# ETL interview questions



## SpotIT9876 (Apr 19, 2020)

I understand they are basic STAR questions. Can anyone post what the actual questions are? Or if anyone remembers specific ones that are in the interview guide?


----------



## Hardlinesmaster (Apr 19, 2020)

Spot version of star interviews.
STAR interviews:
The answer to your question(s) are pretty simple. During your interview be honest and yourself. They will ask you 4-5 situational questions (total of 3 rounds I believe) just to see what type of leader you are. Remember to paint them a picture because what they are looking for in each question that you answer is to be outlined in the following way:

Situation - how does your answer relate to the question
Example: tell me about a time you had to make a tough decison
You - During college ect..... <--- you are painting them a picture so tehy can visually see your answer.
Task - what did you have to accomplish/what what was the issue or problem
Action - how did you solve this issue/what steps were taken.
Result - what was the final outcome.

Overall be upbeat.
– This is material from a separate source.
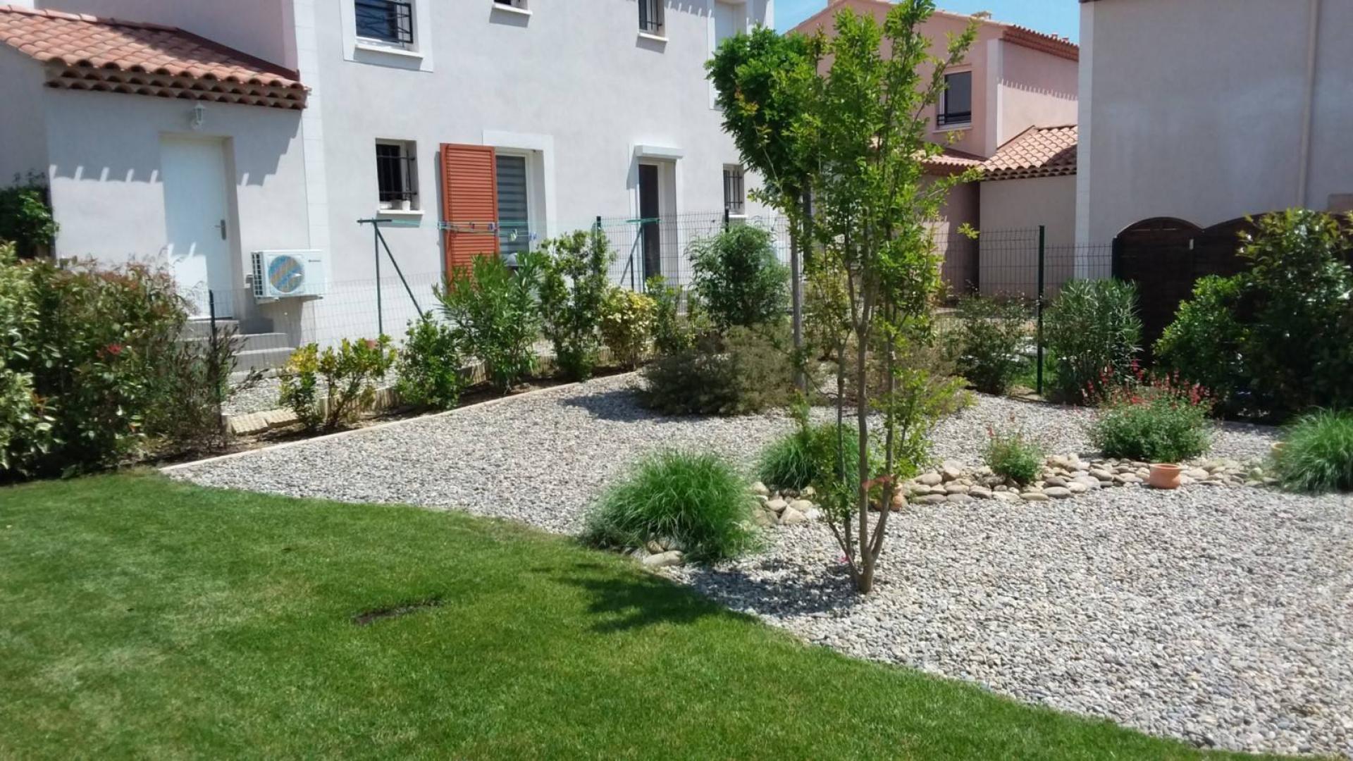 AEP Aménagement Entretien Paysager, votre spécialiste de l’aménagement et l’entretien de vos espaces verts, la pose de clôture et l’installation de terrasse en bois et composite situé à l’Etang de Berre, vous présente l’une de ses dernières réalisations : l’aménagement d'un petit jardin méditerranéen devant une maison avec terrasse à Pelissanne :

During the interview don't EVER put yourself down. Even with the famous questions "what is one think your previous supervisor would change or say that you need to work on." Turn the question about to something like: "One thing my past supervisor would stay that I can improve is sometimes I tend want to help out too much. If I see someone struggling I always try and offer assistance." Remember to turn a weakness into a strength (sorry I just got off work so if a lot does not make sense please don't blame me lol).

Coolnite7


----------



## BurgerBob (Sep 3, 2021)

Hardlinesmaster said:


> Spot version of star interviews.
> STAR interviews:
> The answer to your question(s) are pretty simple. During your interview be honest and yourself. They will ask you 4-5 situational questions (total of 3 rounds I believe) just to see what type of leader you are. Remember to paint them a picture because what they are looking for in each question that you answer is to be outlined in the following way:
> 
> ...


So i read this at the start of my job search last year. And you know what it took a year. But i made my self dam good at interviews and this actually did help a quad truck load. 
Just wanted to say thanks


----------